Practice SizeEBITDA RangeMultiple RangeNotes
Below Average$150K–$300K3.0x–3.5xHigh owner dependency, weak wine club, inconsistent financials, or compliance issues. Limited real estate. Buyer assumes significant operational and brand transition risk.
Average$300K–$500K3.5x–4.5xModerate wine club (200–400 members), some revenue diversification, leased or partially owned real estate. Seller willing to transition 6–12 months.
Above Average$500K–$800K4.5x–5.0xStrong wine club (500+ members), owned real estate with event venue, clean financials, documented winemaking processes, and diversified DTC and wholesale revenue.
Premium$800K–$1.2M+5.0x–5.5xAward-winning brand, 700+ wine club members, low churn, scenic owned property with events revenue, multi-state DTC shipping compliance fully documented and transferable.

Valuation Drivers — What Makes Your Multiple Higher or Lower

The spread between 3.5x and 6.5x is not random.
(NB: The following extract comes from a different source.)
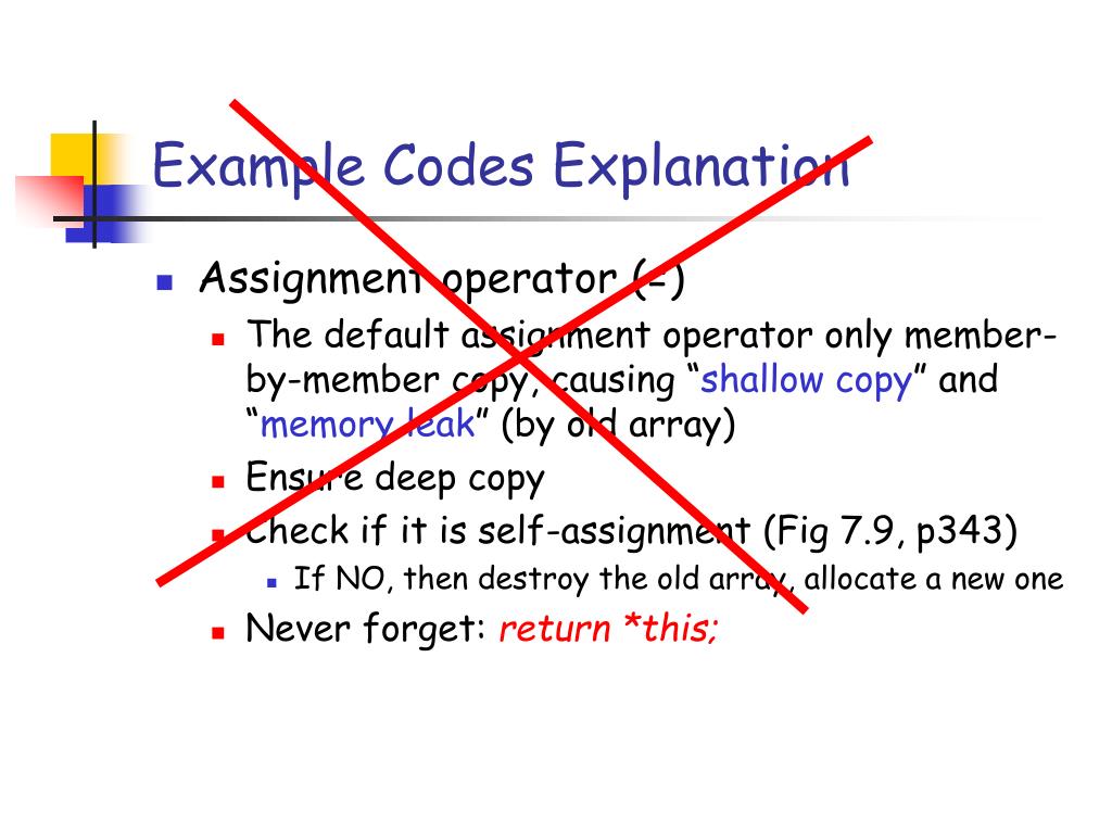 Example Codes Explanation • Assignment operator (=) • The default assignment operator only member-by-member copy, causing “shallow copy” and “memory leak” (by old array) • Ensure deep copy • Check if it is self-assignment (Fig 7.9, p343) • If NO, then destroy the old array, allocate a new one • Never forget: return *this;

These seven factors determine where your firm lands.

Wine Club Membership Size & Churn

High Positive

500+ active members with under 15% annual churn signals predictable recurring revenue. Buyers pay premium multiples for wine clubs generating $300K+ annually with documented membership data.

Real Estate Ownership

High Positive

Owned vineyard and tasting room property adds significant tangible asset value, supports SBA 7(a) financing, and creates event venue revenue. Leased property compresses multiples by 0.5x–1.0x.

Owner Dependency

High Negative

Founders doubling as head winemaker, brand ambassador, and top salesperson create transition risk. Buyers discount heavily without documented SOPs, a second winemaker, or structured seller earnout.

Revenue Diversification

Moderate Positive

Wineries balancing tasting room, wine club, wholesale, and private events command higher multiples. Over 60% revenue concentration in tasting room walk-ins signals fragility and lowers buyer confidence.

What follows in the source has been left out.